▶ Work order
The copy you give must match the lines from the top of the data through the line containing "Куфарите са изработени" exactly, and it must hold no pictures.

· · · · ·

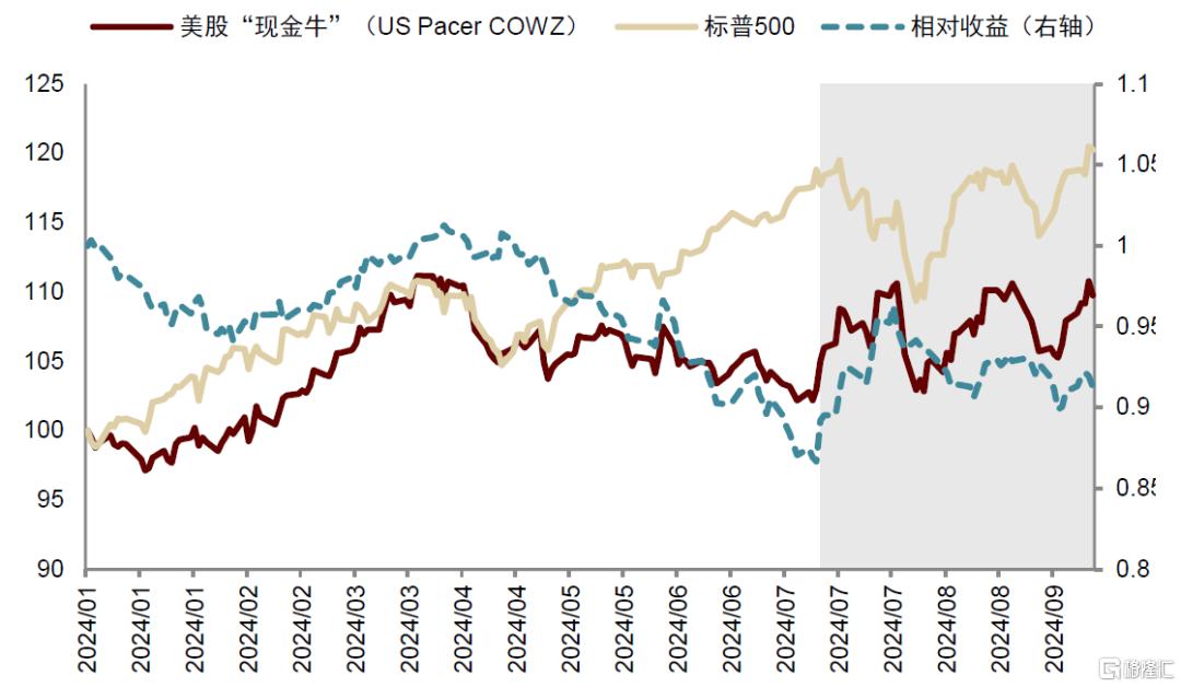 图表1:美股7月中旬高波动以来,美股现金牛指数相较大盘保持韧性
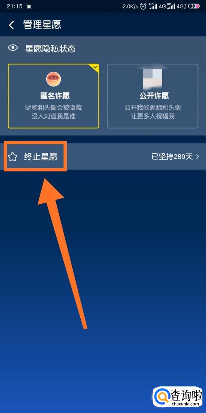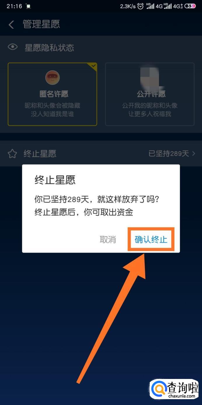 然后点击【终止星愿】。
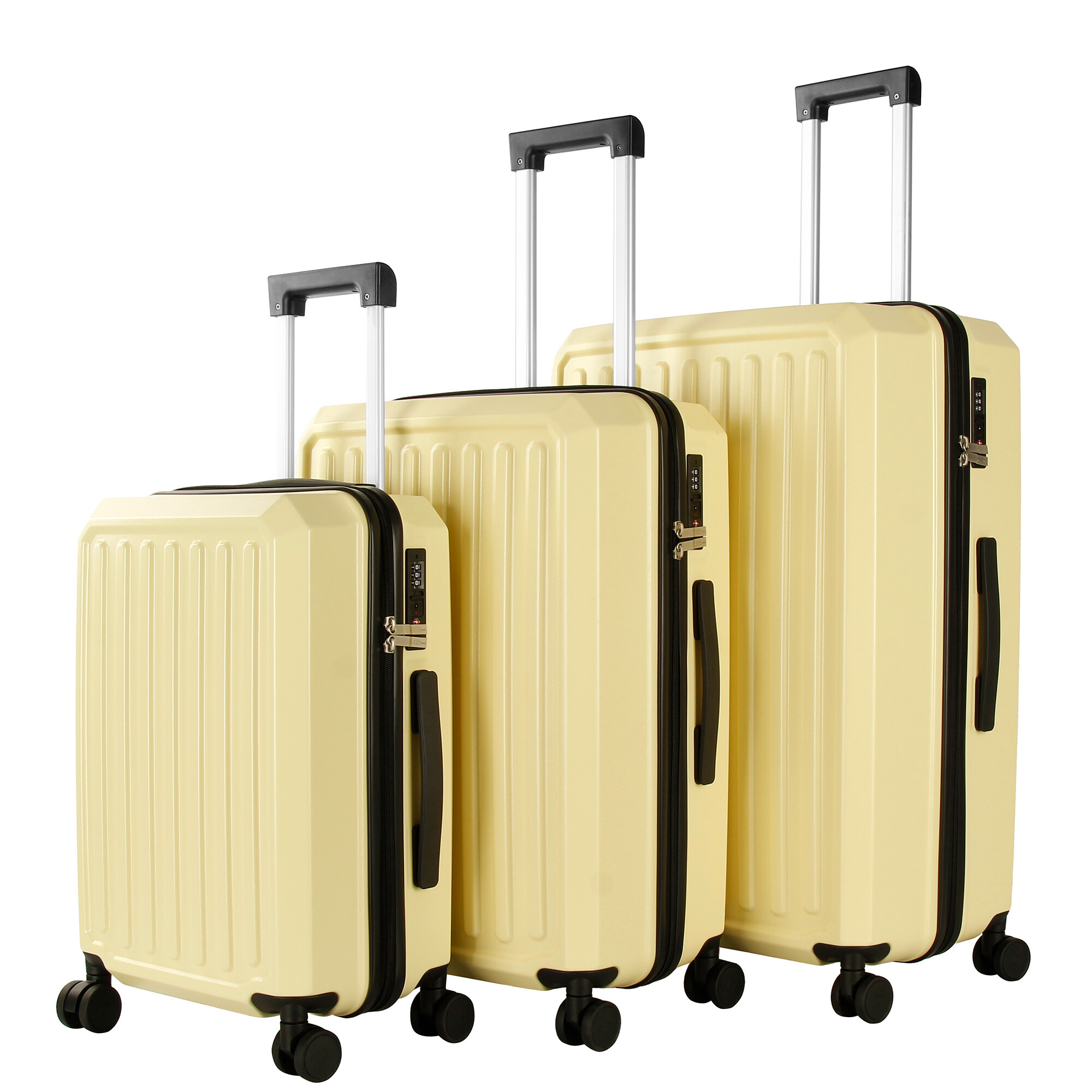 Куфарите са изработени от комбинация от ABS и PC материали, което гарантира тяхната висока издръжливост и лекота. ABS (акрилонитрил-бутадиен-стирен) е известен със своята здравина и устойчивост на удари, докато PC (поликарбонат) добавя допълнителен слой защита и гъвкавост. Тази комбинация от материали гарантира, че вашият багаж ще бъде защитен от повреди по време на транспортиране.
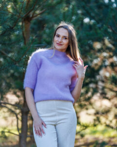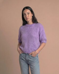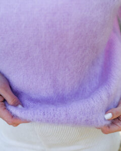 Kid mohair wool sweater Purple is a lightweight, soft, and uniquely styled garment that subtly enhances your look. It features a fluffy, slightly brushed surface that gives it a sense of luxury and coziness.
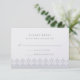 Projetado para coordenar com nossos convites para casamento e evento árabes, este cartão de resposta elegante em branco de pérolas luminoso e cinza de prata apresenta uma fronteira geométrica inferior inspirada por Marrocos. Adicione sua data de RSVP e responda ao texto em cinzas médias. Recomendamos a impressão deste estilo no papel Luxe Pearl Shimmer para um acabamento metálico suave.
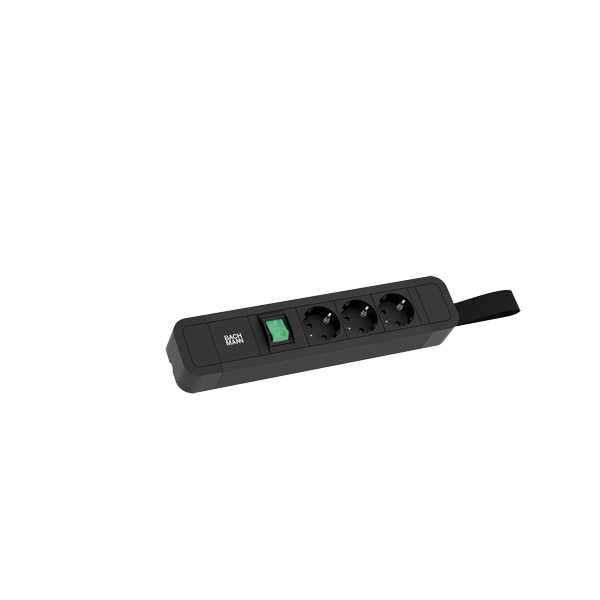 PRIMO 2 Steckdosenleiste Aluminiumprofil schwarz eloxiert 1xSchalter grün 3xSchutzkontaktsteckdosen 35° schwarz Schwarze Design-Endkappen mit Schlaufe zum Aufhängen Zuleitung: 2,0m H05VV-F 3G1,5mm² mit Schutzkontakt-Winkelstecker mit BACHMANN Logo verpackt im Karton
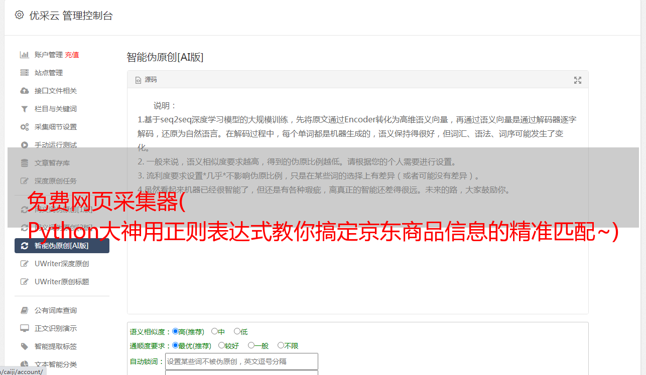 免费网页采集器( Python大神用正则表达式教你搞定京东商品信息的精准匹配~)
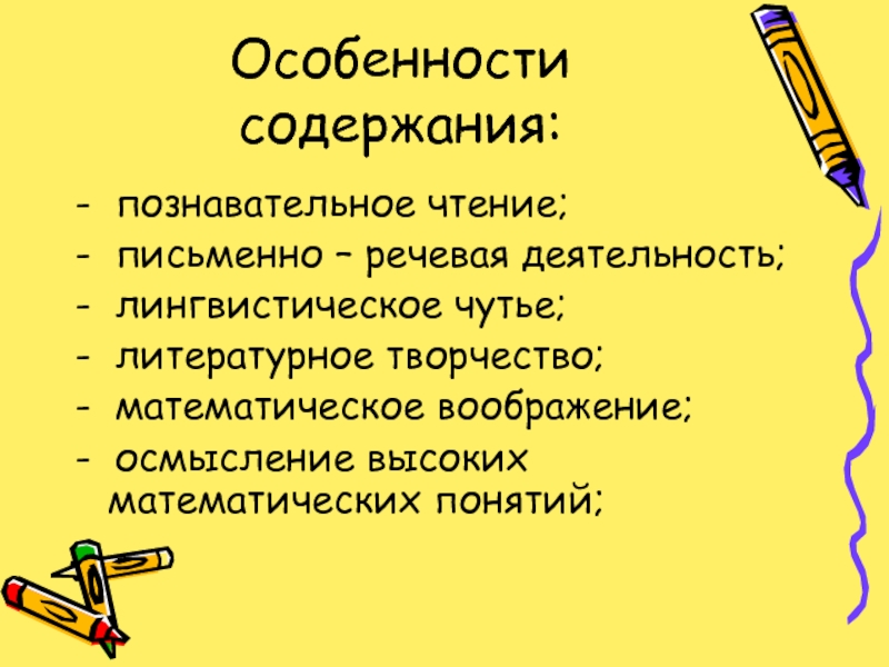 Слайд 9Особенности содержания:
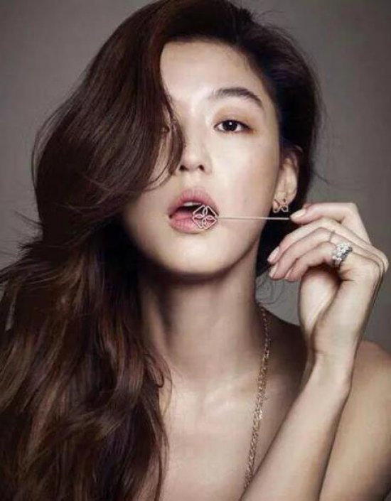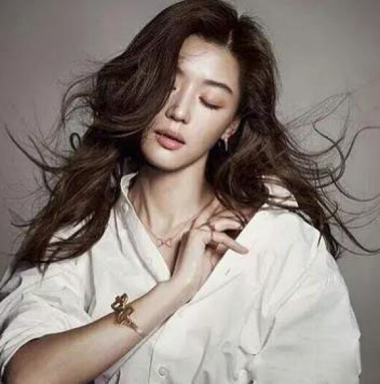 图中全智贤上身穿着一件白色衬衣,衬衣的款式比较常规,它具有比较常见的v字型领口,胸前是一排白色的透明纽扣。这样的设计带有些许的复古,外表看起来又很小清新。她的手臂上戴着一支玫瑰金质地的手镯,这只手镯的表面有一个较大的团图案作为装饰。这个图案是半镂空式的,这样的外观设计比较抢眼。
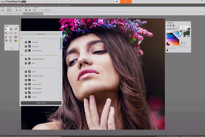 Corel PaintShop Pro is advanced image editing software that has a well-thought-out interface divided into three main parts. The tools can be found under the Manage, Adjust and Workspace tabs.
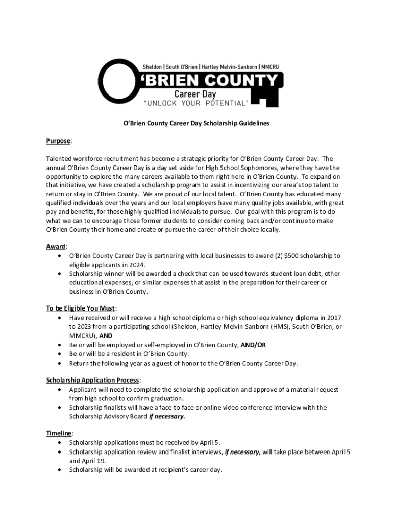 Get the free O'Brien County Career Day Scholarship Guidelines Purpose ...
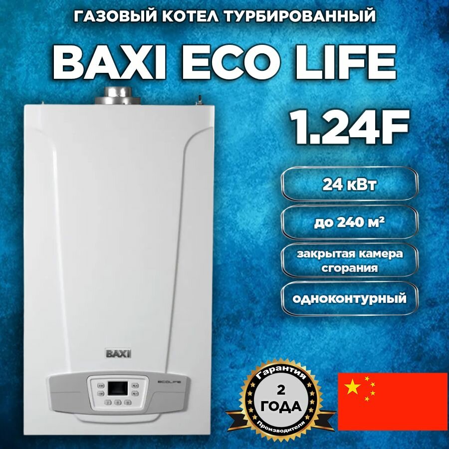 Конвекционный газовый котел BAXI ECO LIFE 1.24F, 24 кВт, одноконтурный
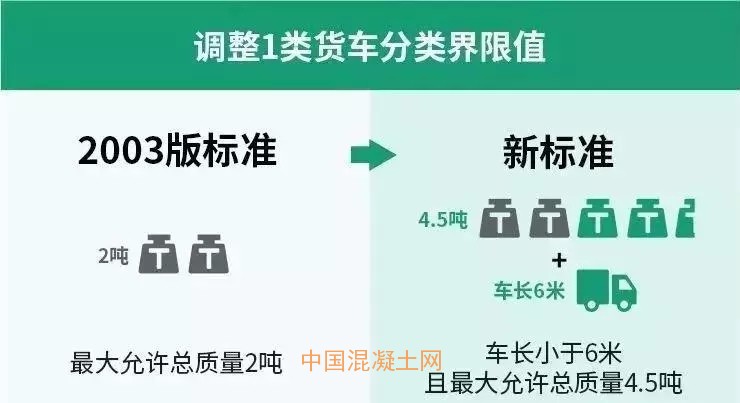 新的車型劃分標準中,將1類和2類貨車分類界限值,確定為車長小于6米且允許總質量4.5噸。
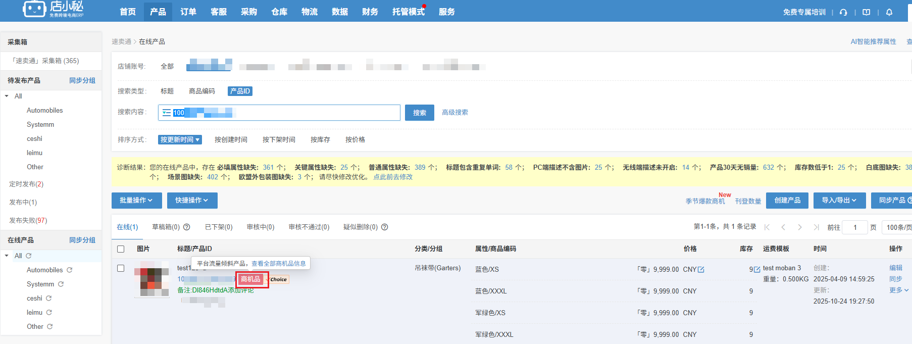 注意:发布产品3天后可同步产品,查看是否带有商机品标签,带有标签则成为商机品,可得到平台流量倾斜
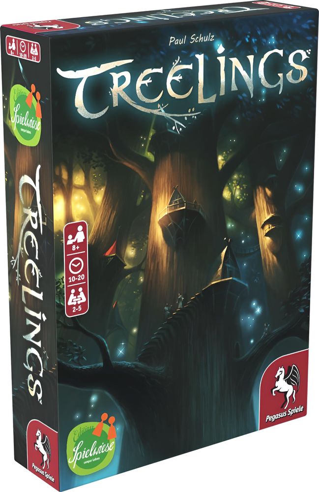 Bei Treelings versuchen die Spieler, möglichst hohe Bäume mit Aussichtsplattformen zu bauen. Dazu nimmt der aktive Spieler alle Karten einer Farbe vom Markt oder die Farben, von denen nur genau eine Karte ausliegt, und legt diese in die eigene Auslage. So entstehen nach und nach Kartenreihen vor den Spielern, die am Ende des Spiels gewertet werden. Doch Reihen, die benachbart zu einer längeren Reihe liegen, egal ob in der eigenen Auslage oder in der der Nachbarn, geben keine Punkte.
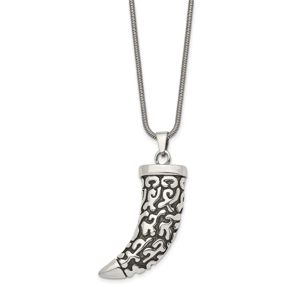 Chisel Stainless Steel Antiqued Polished and Textured Swirl Design Claw Pendant on a 24 inch Rope Chain Necklace
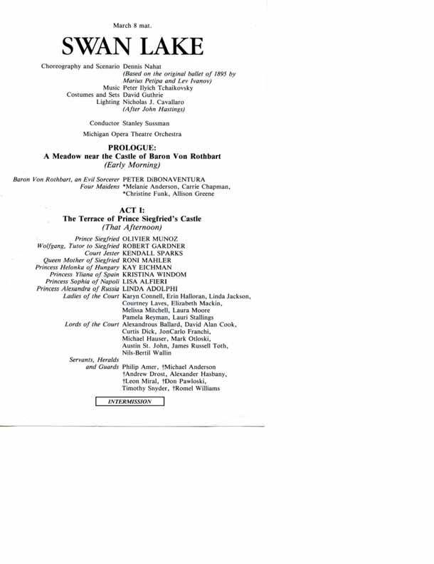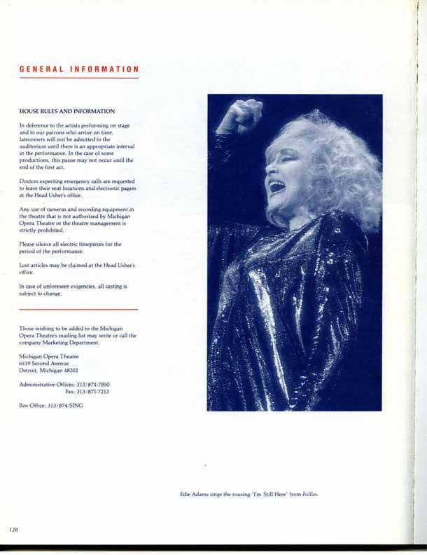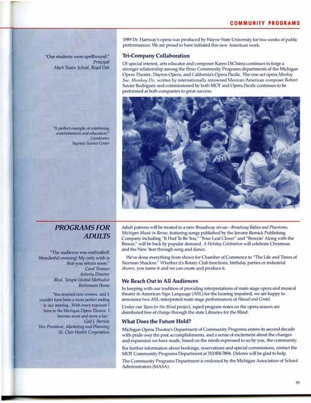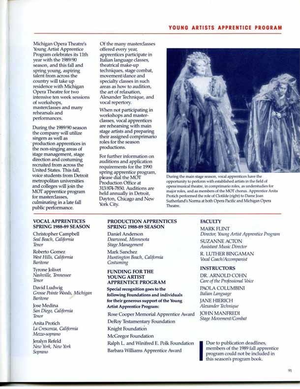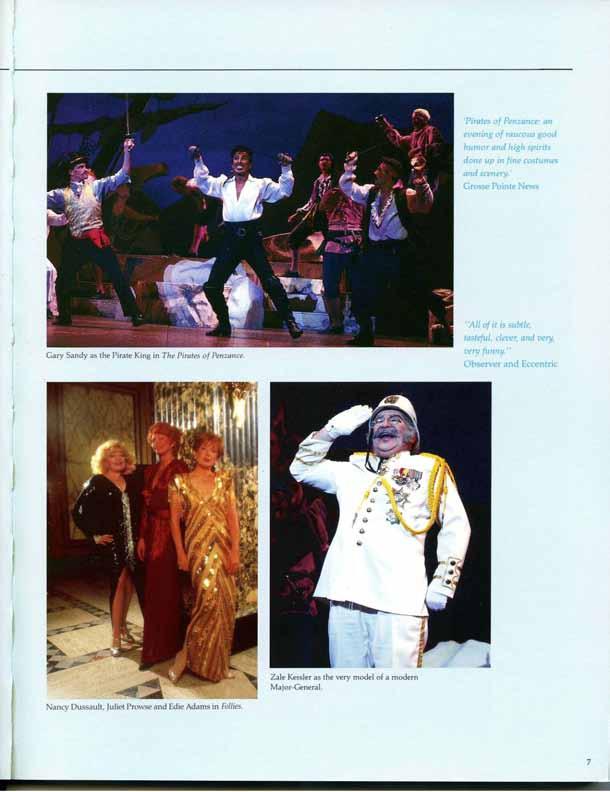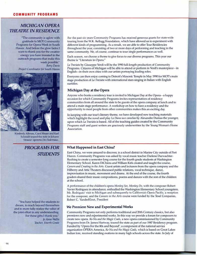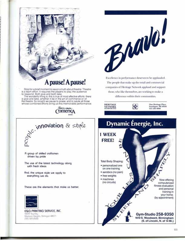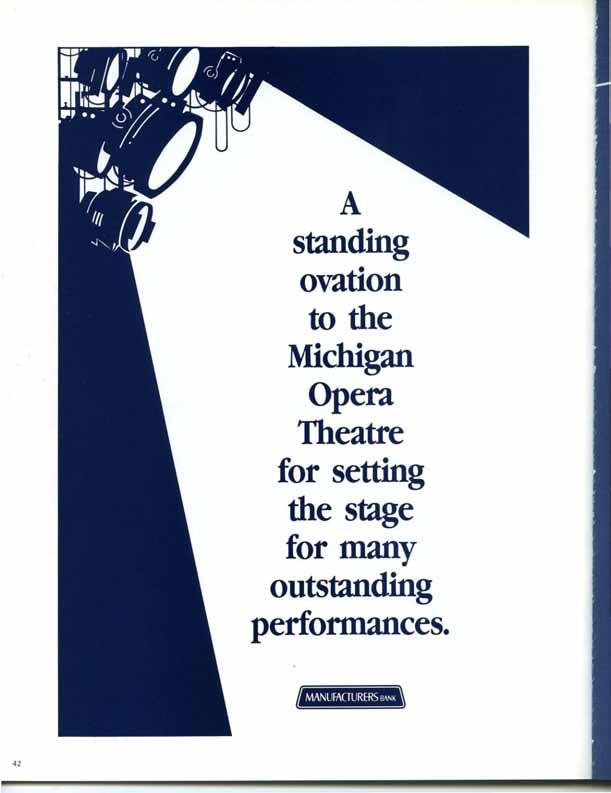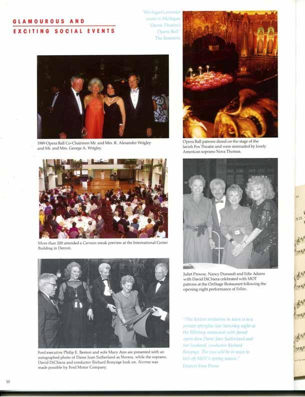 We also pause within these pages to laud the efforts and financial contributions of so many concerned and dedicated patrons, corporations and foundations that have generously contributed to the company, one of Detroit's finest cultuml treasures. Similarly, we acknowledge our many volunteers and salute their continued efforts at promoting our activities.
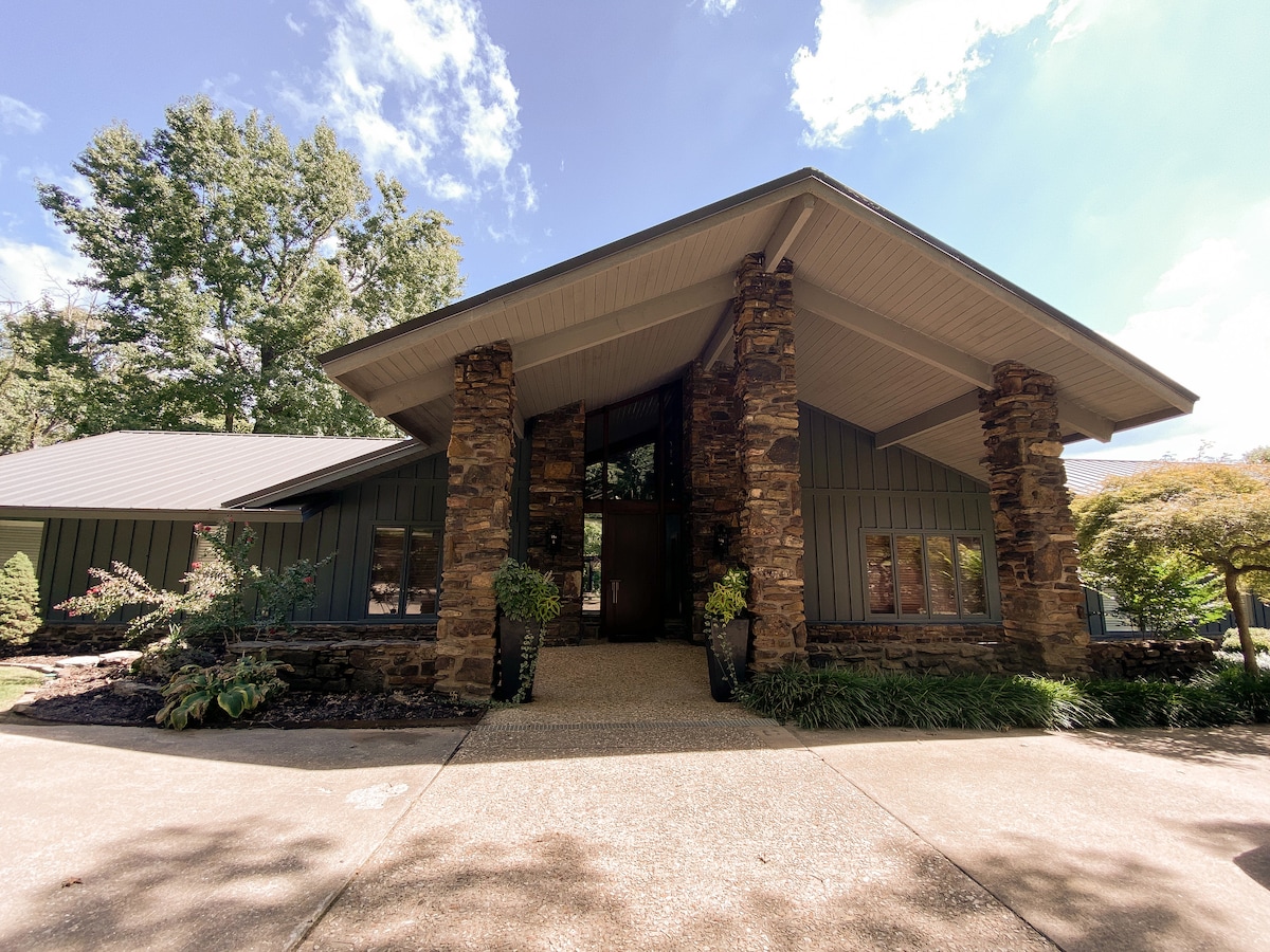 Boek deze retraite AAN HET MEER voor een onvergetelijk uitje!!!!!! Deze woning met 5 slaapkamers en 2,5 badkamers biedt meerdere woonruimtes om gezellig samen te zijn en te ontspannen. *2 woonkamers *Afgeschermde veranda *Terras met gasgrill en eethoek *PRIVÉAANLEGSTEIG aan het Avalonmeer *Kajaks/paddleboards en hangmatten aanwezig *VUURPLAATS *Gameroom *Volledig gevulde keuken * 13 slaapplaatsen *Tv's in elke kamer *Dichtbij fietspaden *De woning is ontworpen voor ontspanning en herverbinding *13 minuten naar Crystal Bridges Museum *Wandel routes in de buurt

· · · · ·

▶ Response to this exercise
 图表1:美股7月中旬高波动以来,美股现金牛指数相较大盘保持韧性
 然后点击【终止星愿】。
 Куфарите са изработени от комбинация от ABS и PC материали, което гарантира тяхната висока издръжливост и лекота. ABS (акрилонитрил-бутадиен-стирен) е известен със своята здравина и устойчивост на удари, докато PC (поликарбонат) добавя допълнителен слой защита и гъвкавост. Тази комбинация от материали гарантира, че вашият багаж ще бъде защитен от повреди по време на транспортиране.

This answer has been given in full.